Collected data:
* * * *

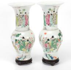
704 Pair of Chinese Famille Verte Porcelain Vases on Wood Bases. {Height: Approximately 16 1/2 inches}.
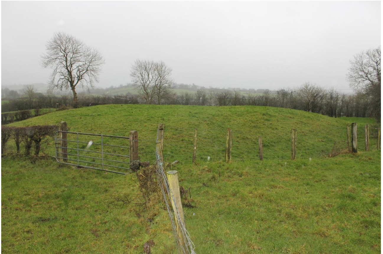
Plate 1 – Remains of raised rath adjacent to development site
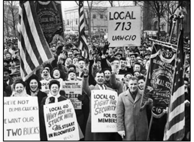
Local 713 and 410 UAW-CIO on strike for better wages
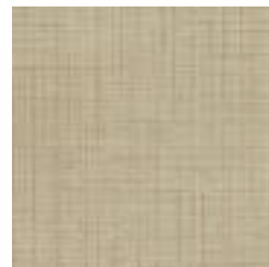
AZ53288 LICHEN LINE
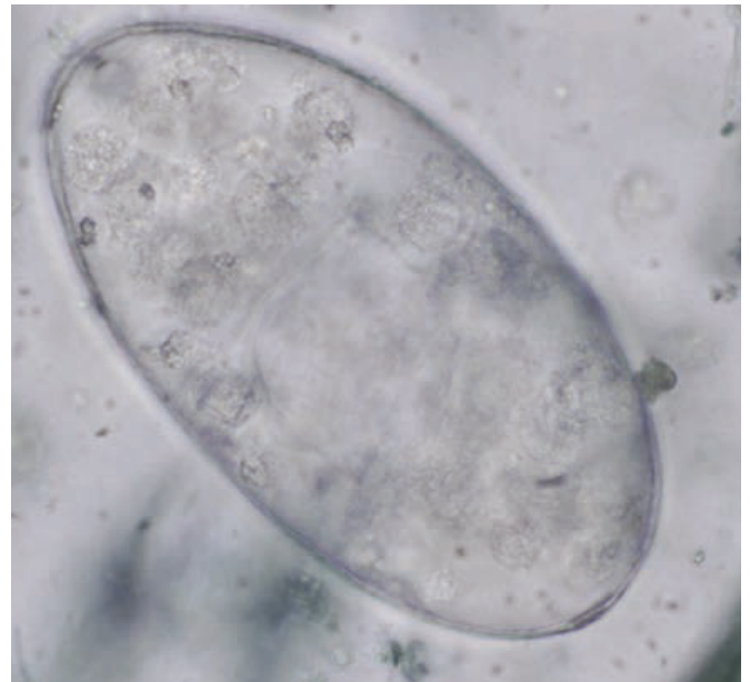
Rumen fluke egg

The finding at post mortem examination of large numbers of larval rumen fluke attached to the wall of the small intestine in an animal that showed the clinical signs described above is a very reliable way of confirming the diagnosis of severe disease due to immature rumen fluke ( larval paramphistomosis ). Note that carcasses must be fresh for accurate diagnosis as larvae detach from the intestinal wall shortly after the death of the host animal.
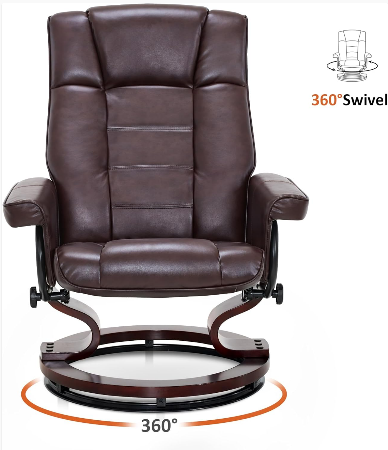
Image: The recliner demonstrating its 360-degree swivel capability on its wooden base.

The chair features a 360-degree swivel mechanism set in a sturdy wooden base. This allows for smooth flexibility while maintaining stability, preventing unintentional spinning.

* * * *

▶ [ASSIGNMENT]:
Using the records above, say how many lines contain the string "fluke"; offer no other text.

▶ [WRITTEN SOLUTION]:
2